Field development planning is critical in the development of successful EOR programmes. Various types of information are required from reservoirs regarding the interaction of the crude oil/brine/rock (COBR) system so as to optimize the EOR process. Core analysis studies are central to gathering the information needed for optimizing EOR. In this paper, investigation of the effect of brine salinity and temperature in the wettability of reservoir rocks is the focus of this paper.

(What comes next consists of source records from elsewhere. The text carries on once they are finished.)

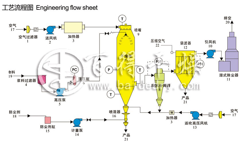 ⑤ 设计了合理的主塔直筒体的高径比,以保证物料足够的停留时间,保证喷雾干燥效果。
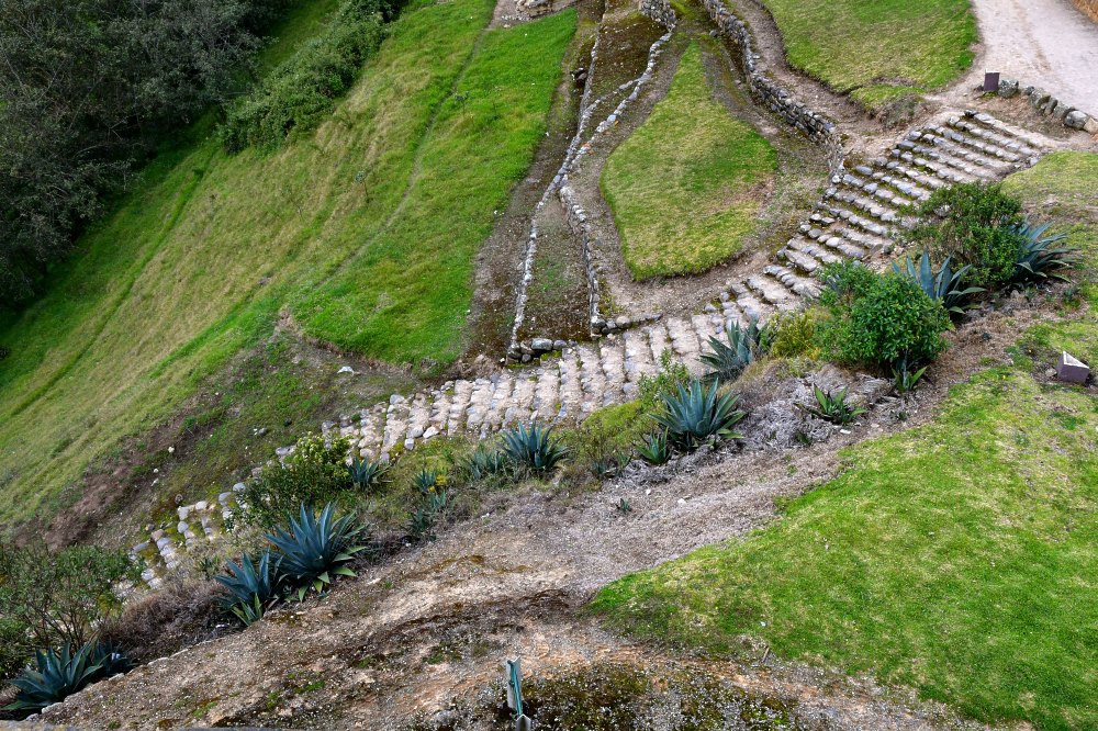 Au pied du temple, un escalier mène vers des gorges où on peut voir quelques peintures rupestres.
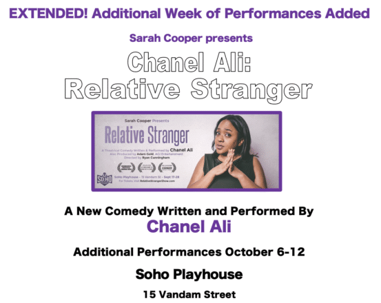 Due to popular demand, Chanel Ali: Relative Stranger has been extended for an additional week at Soho Playhouse (15 Vandam Street), now running through October 12. The groundbreaking comedy, about resilience, identity, and family secrets, opened September 28 and has garnered rave reviews.
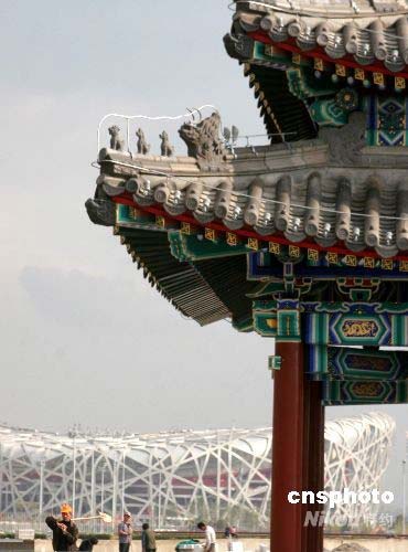 4月21日,北京奧林匹克中心區(qū)經(jīng)過一夜春雨的洗禮顯得清新而壯美。剛建好的雕梁畫棟的“九牌樓”、亭臺與國家體育場“鳥巢”遙相互應(yīng),現(xiàn)代與古典完美結(jié)合。作者: 吳芒子
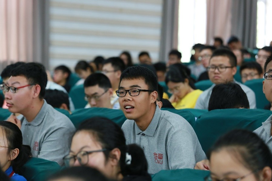本科生新生代表、2019级物理类专业(师范)李成渊在发言中表示,物理学科的性质要求我们去观察世界、探索未知,大到宇宙,小到微观的原子、粒子,希望通过专业学习成长为客观、理性、智慧的人,进而在从事教师职业后更好地了解自己、指引他人。
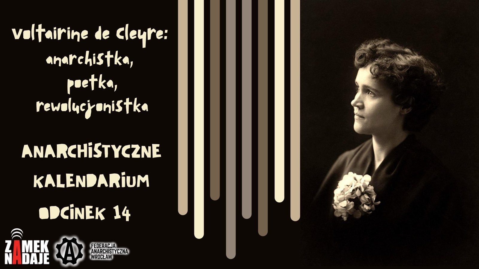 W tym odcinku zostanie poruszony temat wybitnej anarchistki, poetki i rewolucjonistki Voltarine de Cleyre. Jest ona ważną częścią dość niedocenianej żeńskiej sceny filozofii anarchistycznej. Z początku anarcho-indywidualistka, ostatecznie zwolenniczka “anarchizmu bezprzymiotnikowego”.

The new contribution in the current work is that it provides a novel approach in combining experimental techniques: displacement tests, which is dominated by capillary imbibition, and non destructive, nuclear magnetic resonance (NMR), to track the effect of brine salinity and temperature in the COBR system. For the first time, this combination of techniques is applied in core scale experiments. Furthermore, the emphasis of rock interaction as a function of brine salinity and temperature was investigated by tracking the relative permeability behaviour during forced displacement experiments in a viscous dominated regime. Integration of the results from these experiments provides a framework for understanding COBR interaction in terms of wettability in static and dynamic displacements.

Four main results emerge from this study:

  • Reducing the salinity of brine with monovalent cations increases the oil recovery in sandstones. The presence of clay is not a necessary condition to observe the low salinity effect. The mechanism of increasing the oil recovery is by shifting the wettability of rock surface towards a more water-wet state.

  • Increasing temperature from 20˚C to 60˚C causes a large decrease (50%) of recovery factor, IAH and INMR suggesting that the wettability is shifted towards an oil-wet state.

  • Increasing temperature in carbonates increases recovery factor by less than 4%. IAH and INMR indicate the wettability is not shifted significantly towards an water-wet state.

  • The dynamic viscous force effect has two patterns of injectivity to sweep the residual oil as brine salinity change. The first is sweeping the oil with high injectivity, which occurs between 0.5 M NaCl brine and 0.1 M NaCl brine. The second is sweeping the oil with loss of water injectivity between 0.1 M NaCl brine and 0.01 M NaCl brine. The potential reason of losing injectivity is attributed to a detachment of the clay that coats the grains leading to a blockage of pore throats.

The implication of these results can enhance the understanding of wettability alteration as part of reservoir managment during designing a field pilot test.